EXERCISE PROMPT:
Write out exactly, and only, the lines below from the line with "Ich hatte den" through the line with "To add a LastPass"; pictures do not belong in the copy.

DATA SUPPLIED:
# # # #

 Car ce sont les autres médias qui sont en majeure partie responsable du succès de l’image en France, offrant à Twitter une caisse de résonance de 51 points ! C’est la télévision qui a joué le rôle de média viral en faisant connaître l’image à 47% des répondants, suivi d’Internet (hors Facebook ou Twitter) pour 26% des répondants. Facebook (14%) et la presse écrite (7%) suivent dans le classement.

# # # #

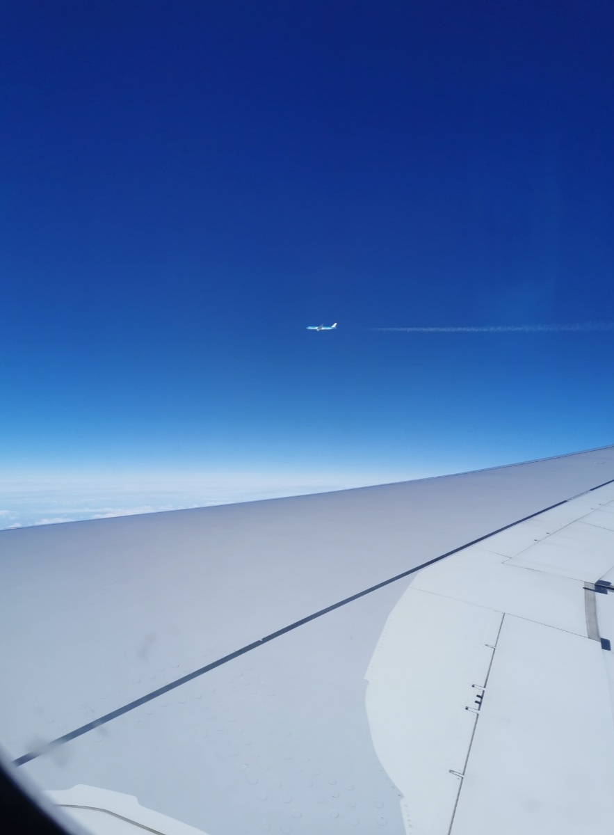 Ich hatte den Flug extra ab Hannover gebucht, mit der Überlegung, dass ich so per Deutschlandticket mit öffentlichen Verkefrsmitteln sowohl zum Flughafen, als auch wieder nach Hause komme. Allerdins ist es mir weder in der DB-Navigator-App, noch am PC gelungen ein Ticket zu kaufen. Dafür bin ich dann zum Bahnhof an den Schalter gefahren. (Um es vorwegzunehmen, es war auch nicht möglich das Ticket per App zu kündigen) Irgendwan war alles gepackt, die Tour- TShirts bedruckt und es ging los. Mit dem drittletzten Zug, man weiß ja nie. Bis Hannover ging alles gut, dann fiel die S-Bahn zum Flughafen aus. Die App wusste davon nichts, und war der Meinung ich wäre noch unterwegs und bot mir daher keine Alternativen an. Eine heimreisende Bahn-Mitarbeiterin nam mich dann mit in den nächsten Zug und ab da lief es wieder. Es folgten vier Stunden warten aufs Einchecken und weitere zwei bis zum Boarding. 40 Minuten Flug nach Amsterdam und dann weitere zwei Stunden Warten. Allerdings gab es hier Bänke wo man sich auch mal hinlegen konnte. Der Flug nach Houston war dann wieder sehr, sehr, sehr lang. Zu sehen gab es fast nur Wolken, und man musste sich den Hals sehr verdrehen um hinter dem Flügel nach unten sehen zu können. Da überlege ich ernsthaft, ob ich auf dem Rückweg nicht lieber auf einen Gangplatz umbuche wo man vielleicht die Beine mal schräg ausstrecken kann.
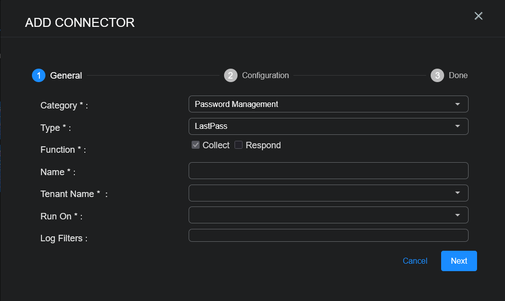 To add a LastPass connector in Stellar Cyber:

# # # #

RESPONSE TO THIS TASK:
 Ich hatte den Flug extra ab Hannover gebucht, mit der Überlegung, dass ich so per Deutschlandticket mit öffentlichen Verkefrsmitteln sowohl zum Flughafen, als auch wieder nach Hause komme. Allerdins ist es mir weder in der DB-Navigator-App, noch am PC gelungen ein Ticket zu kaufen. Dafür bin ich dann zum Bahnhof an den Schalter gefahren. (Um es vorwegzunehmen, es war auch nicht möglich das Ticket per App zu kündigen) Irgendwan war alles gepackt, die Tour- TShirts bedruckt und es ging los. Mit dem drittletzten Zug, man weiß ja nie. Bis Hannover ging alles gut, dann fiel die S-Bahn zum Flughafen aus. Die App wusste davon nichts, und war der Meinung ich wäre noch unterwegs und bot mir daher keine Alternativen an. Eine heimreisende Bahn-Mitarbeiterin nam mich dann mit in den nächsten Zug und ab da lief es wieder. Es folgten vier Stunden warten aufs Einchecken und weitere zwei bis zum Boarding. 40 Minuten Flug nach Amsterdam und dann weitere zwei Stunden Warten. Allerdings gab es hier Bänke wo man sich auch mal hinlegen konnte. Der Flug nach Houston war dann wieder sehr, sehr, sehr lang. Zu sehen gab es fast nur Wolken, und man musste sich den Hals sehr verdrehen um hinter dem Flügel nach unten sehen zu können. Da überlege ich ernsthaft, ob ich auf dem Rückweg nicht lieber auf einen Gangplatz umbuche wo man vielleicht die Beine mal schräg ausstrecken kann.
 To add a LastPass connector in Stellar Cyber:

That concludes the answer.